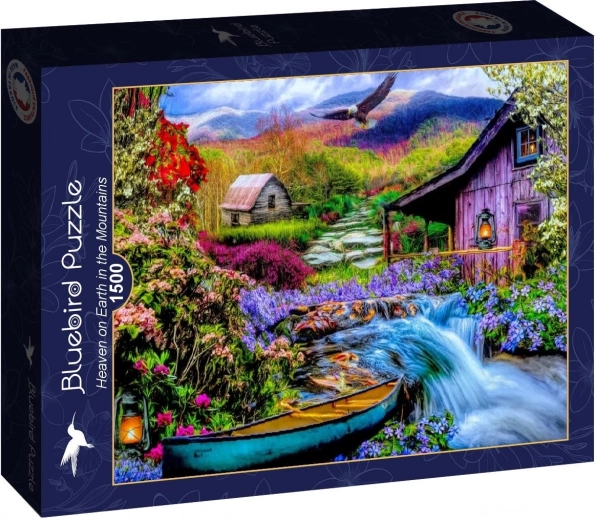 The Mountain Idyll Puzzle of 1500 pieces offers a beautiful mountain view, dimensions 85 x 61 cm.
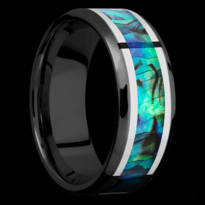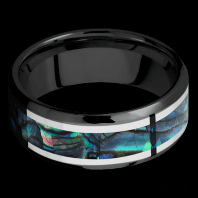8 mm wide/Beveled/Zirconium band featuring inlays of Palladium Silver and Abalone.
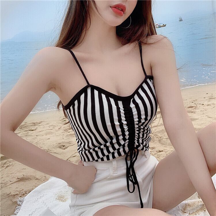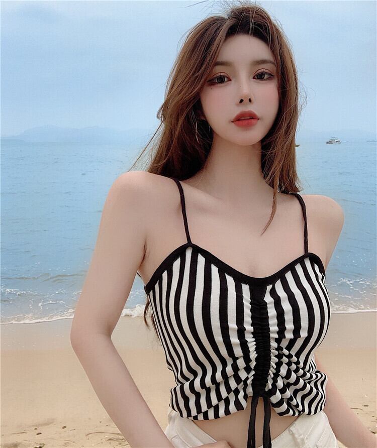 スタンダードブラックホワイトストライプレディースレッドギャザーVネックショートトップス レトロ サマー 夏物 Xiaofeijia32072172628

- [Task instructions]:
Reproduce the listing exactly. Do not include its images.

- [Your response]:
 The Mountain Idyll Puzzle of 1500 pieces offers a beautiful mountain view, dimensions 85 x 61 cm.
8 mm wide/Beveled/Zirconium band featuring inlays of Palladium Silver and Abalone.
 スタンダードブラックホワイトストライプレディースレッドギャザーVネックショートトップス レトロ サマー 夏物 Xiaofeijia32072172628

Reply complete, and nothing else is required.